Kevin has $6.45 in coins in his cash box. The numbers of quarters is one less than twice the number of dimes. The number of nickels is one less than twice the number of quarters. The value of the pennies is the same as the value of the nickels. How many of each Type of coin does he have?

dimes --- x

quarters --- 2x - 1
nickels -- 2(2x-1) -1 = 4x - 3
pennies = 5(4x-3) = 20x - 15

10x + 25(2x-1) + 5(4x-3) + 20x-15 = 645
10x + 50x - 25 + 20x - 15 + 20x - 15 = 645
100x = 700
x=7

7 dimes
13 quarters
25 nickels
125 pennies

thank u sooo much!!!!!!!:)

Samuel's bank has dimes and quarters in it. The number of dimes is four less than three times the number of quarters. If the total value of the coins is $7.85, how many dimes are in the piggy bank?

To solve this problem, we can use a system of equations. Let's assign variables to the unknown quantities:

Let's say the number of quarters is q.
The number of dimes is d.
The number of nickels is n.
The value of pennies is also n, as mentioned in the problem.

From the information given, we have:

1. The value of quarters is 25 cents, so the value of all the quarters is 25q cents.
2. The value of dimes is 10 cents, so the value of all the dimes is 10d cents.
3. The value of nickels is 5 cents, so the value of all the nickels is 5n cents.
4. The value of pennies is 1 cent, so the value of all the pennies is n cents.

We are given that Kevin has $6.45, which is equal to 645 cents. So, we can write our first equation as:

25q + 10d + 5n + n = 645 (equation 1)

The problem also states that "The number of quarters is one less than twice the number of dimes." We can translate this into an equation:

q = 2d - 1 (equation 2)

The problem also states that "The number of nickels is one less than twice the number of quarters." This can be translated into another equation:

n = 2q - 1 (equation 3)

Finally, we are told that "The value of the pennies is the same as the value of the nickels." Therefore, we can write:

n = n (equation 4)

Now, we have a system of equations (equations 1, 2, 3, and 4) that we can solve simultaneously to find the values of q, d, and n.

To simplify the system, let's rearrange equations 2 and 3:

q - 2d = -1 (equation 5) (equation 2 rearranged)
q - 2n = -1 (equation 6) (equation 3 rearranged)

We can now solve this system of equations using the substitution method.
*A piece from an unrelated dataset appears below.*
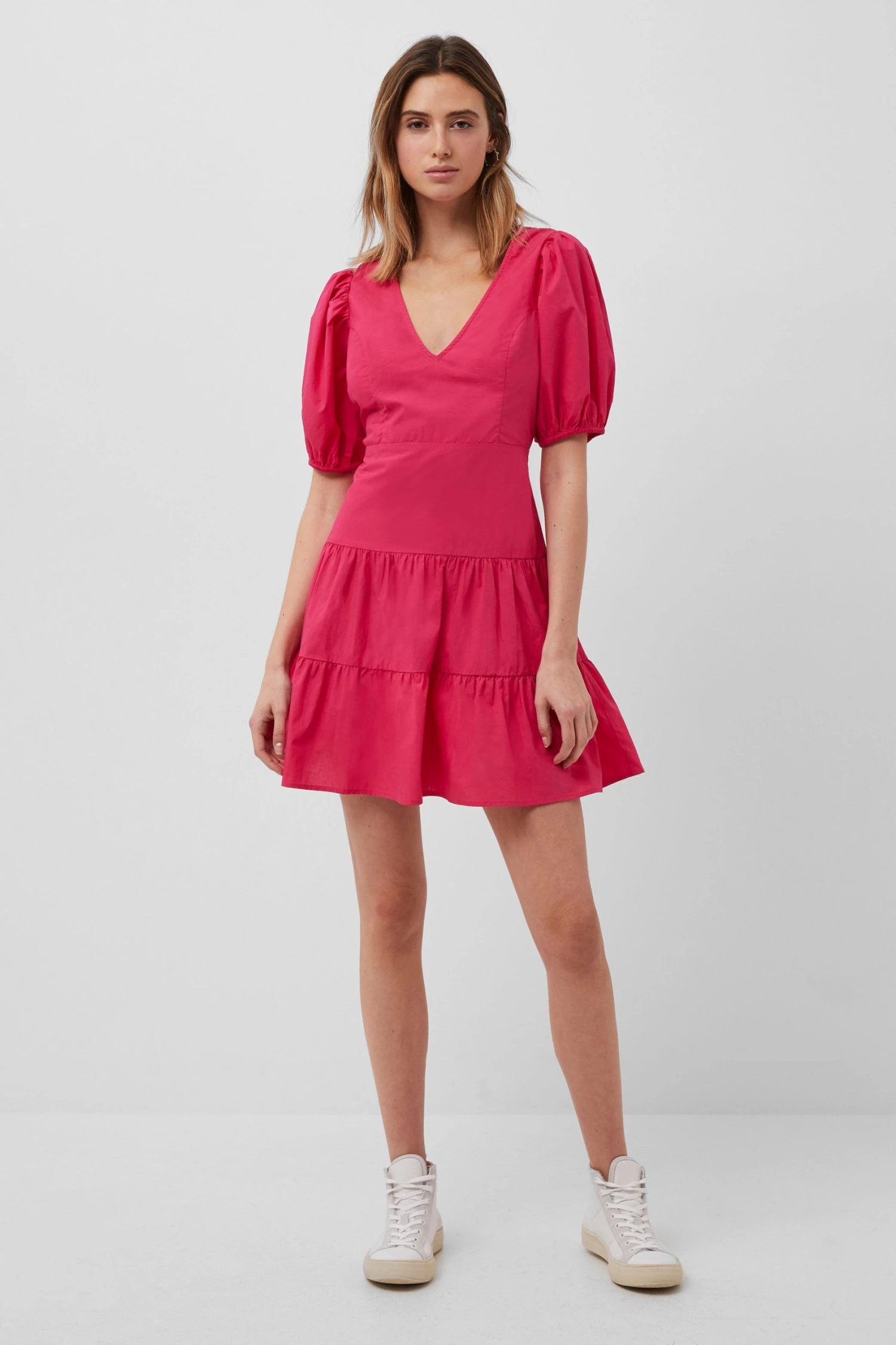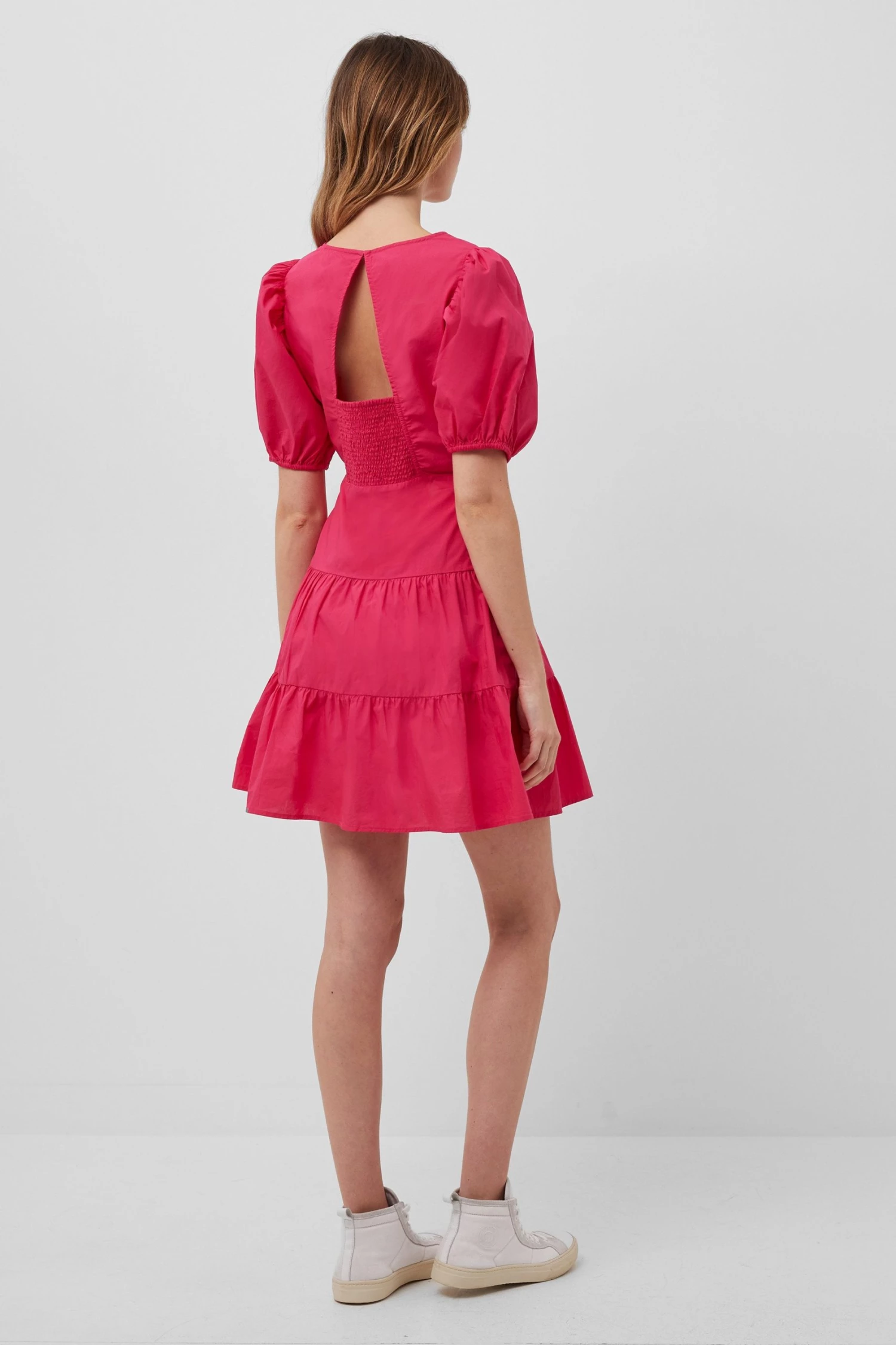The Birch Poplin Puff Sleeve Mini Dress is a piece you’ll keep forever. With a tiered construction and back cut-out, it’s a must-have statement piece.

First, substitute equations 5 and 6 into equation 1:

25q + 10d + 5n + n = 645
25(q - 2d) + 10d + 5n + n = 645

Expanding and simplifying:

25q - 50d + 10d + 6n = 645
25q - 40d + 6n = 645 (equation 7)

Now, substitute equation 4 into equation 7:

25q - 40d + 6(2q - 1) = 645
25q - 40d + 12q - 6 = 645

Combine like terms:

37q - 40d = 651

To make this equation easier to work with, let's multiply both sides by -1:

-37q + 40d = -651 (equation 8)

Now we have a new system of equations:

-37q + 40d = -651 (equation 8)
q - 2d = -1 (equation 5)

We can solve this system using any method you prefer, such as substitution or elimination.